- **Exercise**
Retype the opening lines of the data exactly, stopping after the line that contains "11月26日,财经学院各学生". Skip every picture.

- **Data**
== Segment start ==

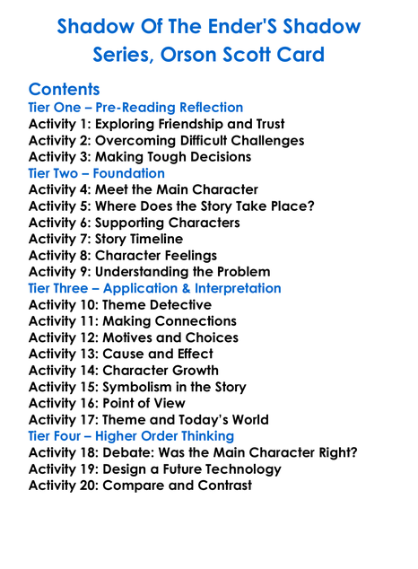 Shadow Of The Enders Shadow Series Orson Scott Card Worksheet Activity Booklet
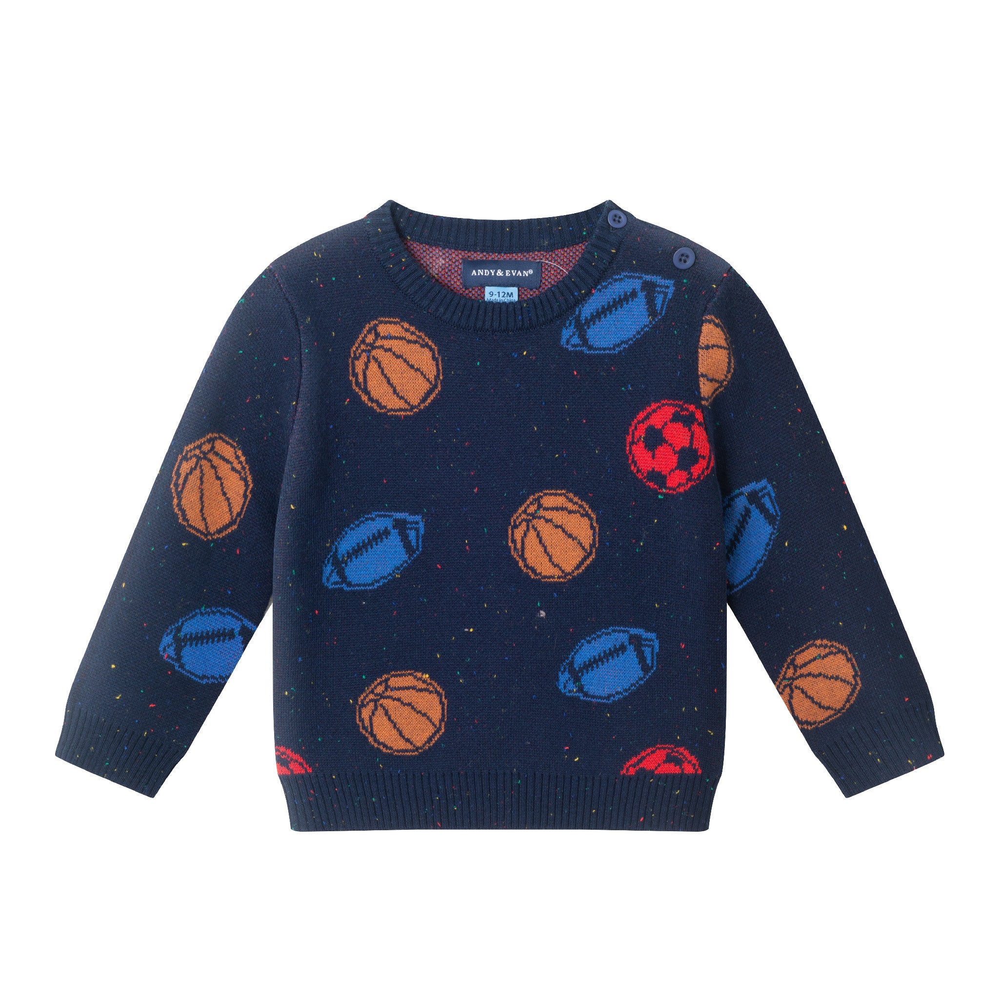 Game on! This ultra-cute navy sweater set features a playful mix of basketballs, footballs, and soccer balls, knit right into the design for sporty fun. Whether your little one’s cheering from the sidelines or crawling across the playroom, this cozy set keeps them warm, comfy, and full of all-star style.
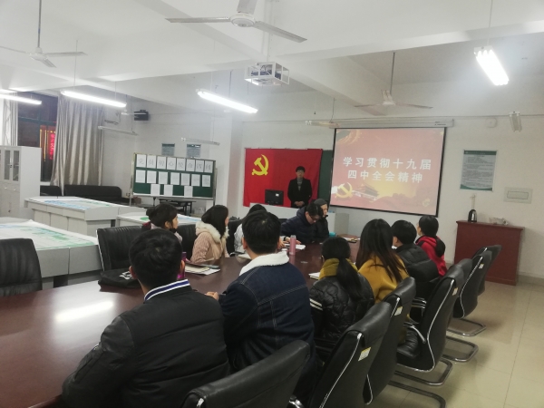 11月26日,财经学院各学生党支部分别召开了十九届四中全会的专题学习会,各支部通过会议传达了十九届四中全会的会议精神。各学生支部通过多种手段组织党员同学收看收听学习有关十九届四中全会的报道。支部党员同学们带着“坚持和巩固什么”和“发展和完善什么”这两个问题,开展了热烈的讨论,各支部通过专题辅导和个别辅导等形式,引导党员同学深刻领会十九届四中全会《关于坚持和发展中国特色社会主义、推进国家治理体系和治理能力现代化若干重大问题的决定》。
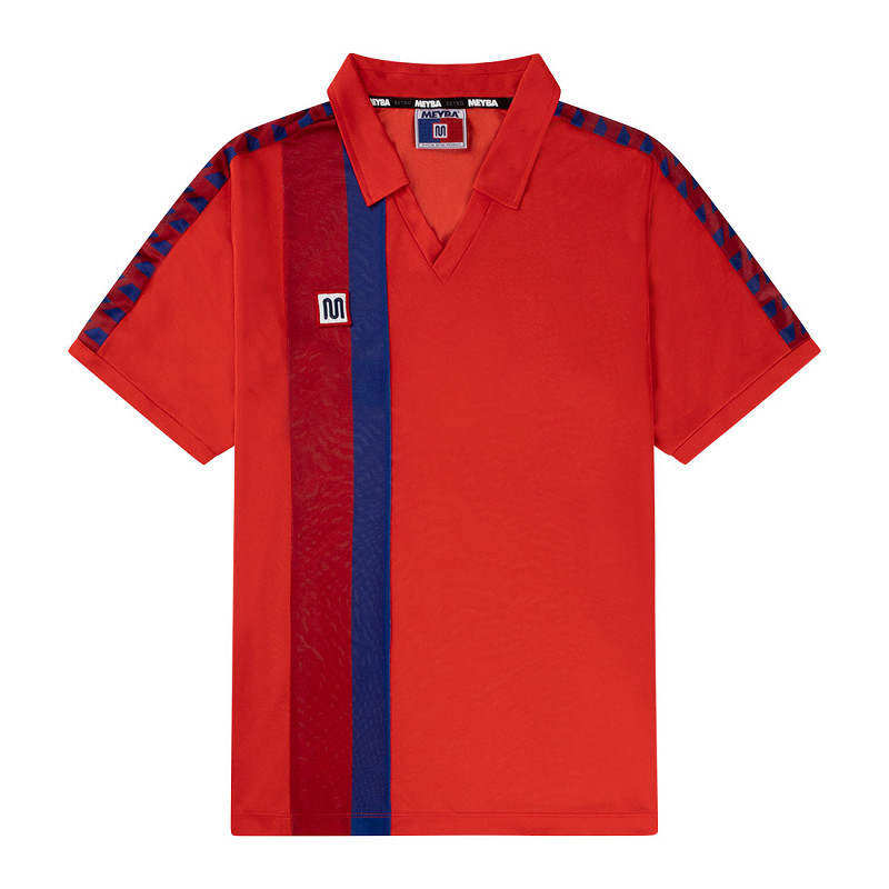 Meyba Barcelona retro football shirt 1987/89 for adults. This red football shirt is based on the third shirt of FC Barcelona from the 1987–1991 period. The rare shirt is predominantly red and features two vertical stripes in red and blue (blaugrana) on the right side. The Meyba trademark taping decorates both sleeves. These zigzag stripes are also in red and blue. The right chest features the Meyba logo. In addition, the retro Barça shirt has a red polo collar and a V-neck. Material: 100% polyester.

== Segment end ==

- **Result of the task**
 Shadow Of The Enders Shadow Series Orson Scott Card Worksheet Activity Booklet
 Game on! This ultra-cute navy sweater set features a playful mix of basketballs, footballs, and soccer balls, knit right into the design for sporty fun. Whether your little one’s cheering from the sidelines or crawling across the playroom, this cozy set keeps them warm, comfy, and full of all-star style.
 11月26日,财经学院各学生党支部分别召开了十九届四中全会的专题学习会,各支部通过会议传达了十九届四中全会的会议精神。各学生支部通过多种手段组织党员同学收看收听学习有关十九届四中全会的报道。支部党员同学们带着“坚持和巩固什么”和“发展和完善什么”这两个问题,开展了热烈的讨论,各支部通过专题辅导和个别辅导等形式,引导党员同学深刻领会十九届四中全会《关于坚持和发展中国特色社会主义、推进国家治理体系和治理能力现代化若干重大问题的决定》。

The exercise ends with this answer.